They worked out because there was an excess of energy and water to handle it.

We will see how the maths works out given there is 19 GW shortage of power. 7 year lead time for Siemens power turbines, 3-5 years for transformers.

Raw commodities are shooting up, not enough education to cover nuclear and SMEs and the RoI is already underwater.

SketchySeaBeast|26 days ago

My cynical take is that it'll works out just fine for the data centers, but the neighbouring communities won't care for the constant rolling blackouts.

fauigerzigerk|27 days ago

Beyond GPUs themselves, you also have other costs such as data centers, servers and networking, electricity, staff and interest payments.
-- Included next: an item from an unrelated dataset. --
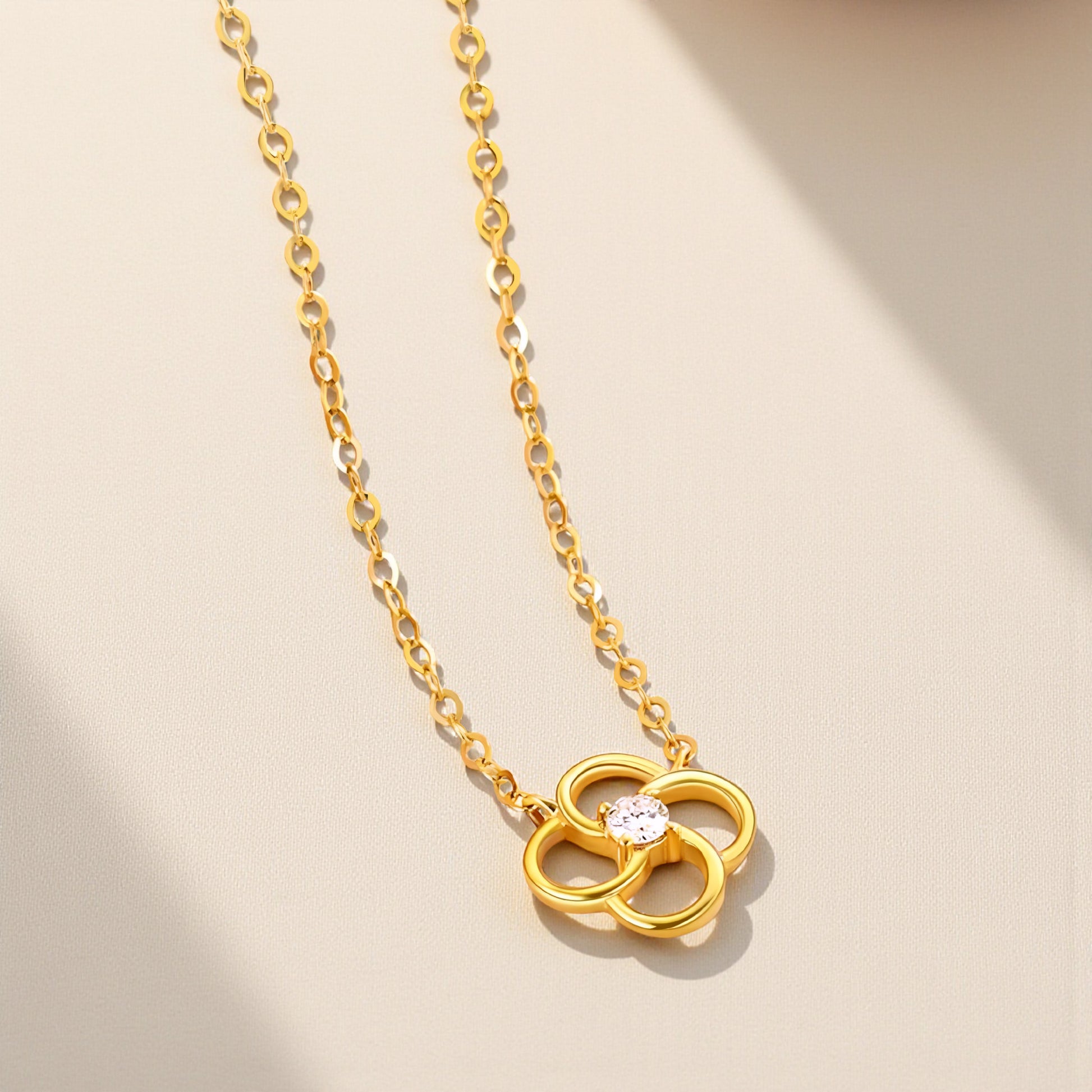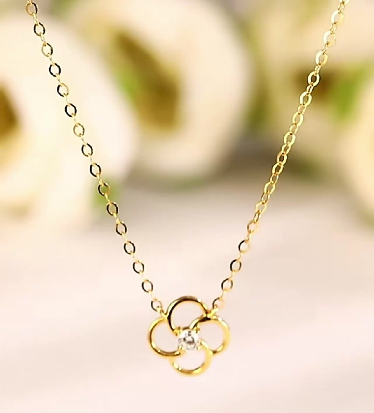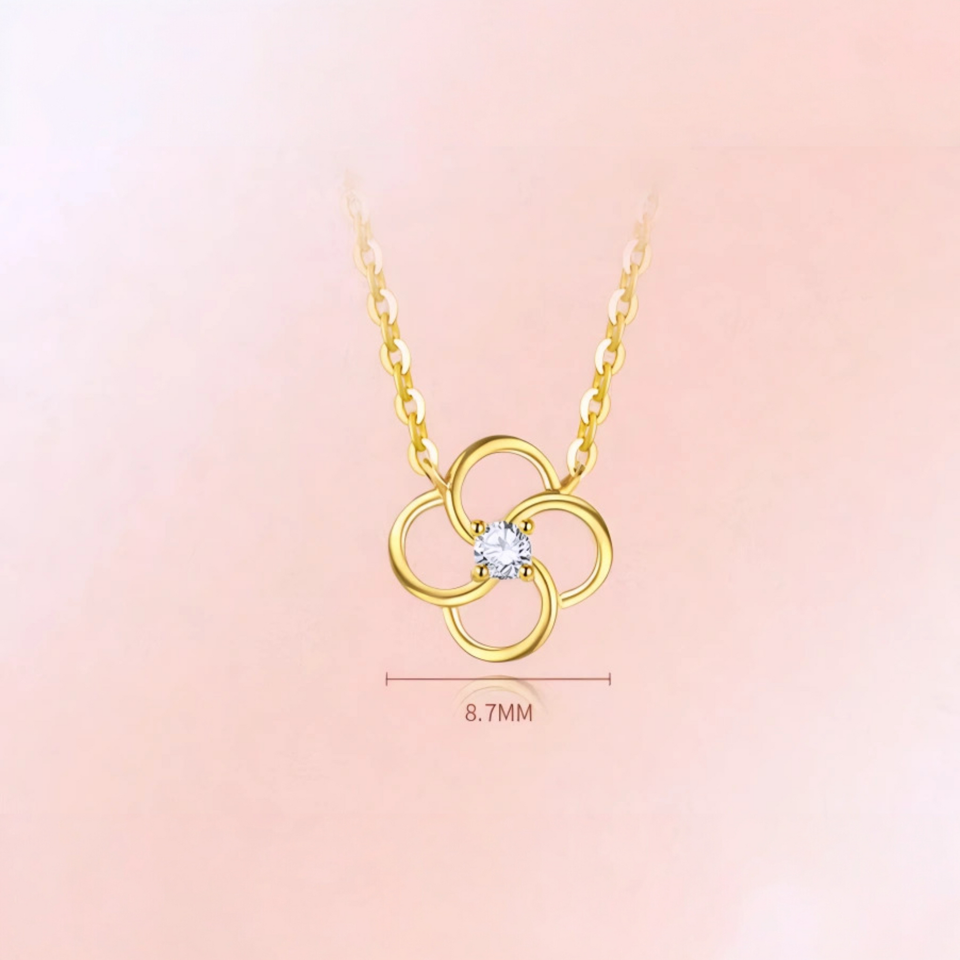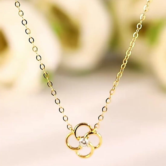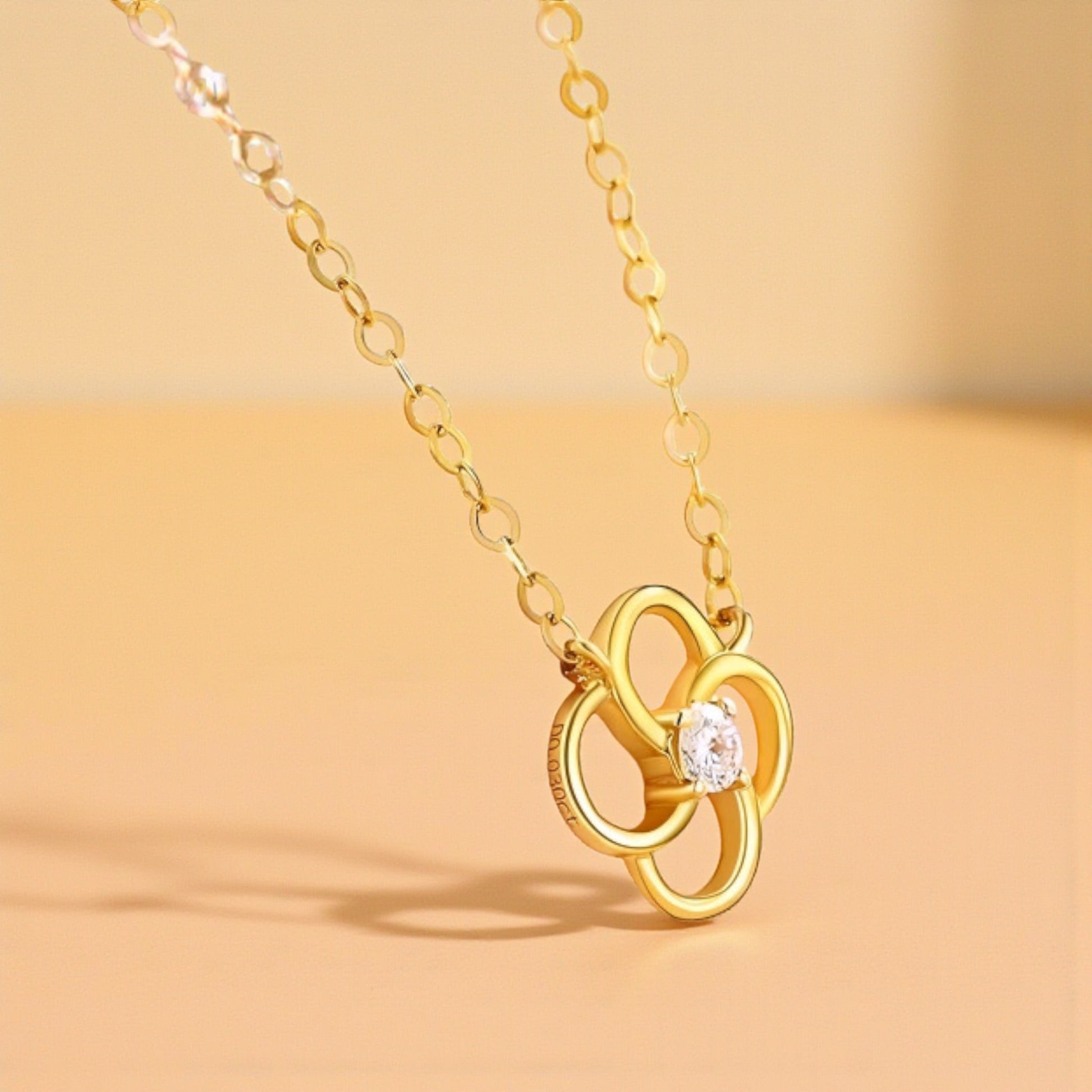18K Gold Genuine Diamond Flower Clover Pendant Luxurious charm Necklace

I think building and operating data center infrastructure is a high risk, low margin business.

hdjrudni|27 days ago

They can run these things at 100% utilization for 3 years straight? And not burn them out? That's impressive.

imtringued|27 days ago

I don't see anything impressive here?

vlovich123|27 days ago

Not really. GPUs are stateless so your bounded lifetime regardless of how much you use them is the lifetime of the shitties capacitor on there (essentially). Modulo a design defect or manufacturing defect, I’d expect a usable lifetime of at least 10 years, well beyond the manufacturer’s desire to support the drivers for it (ie the sw should “fail” first).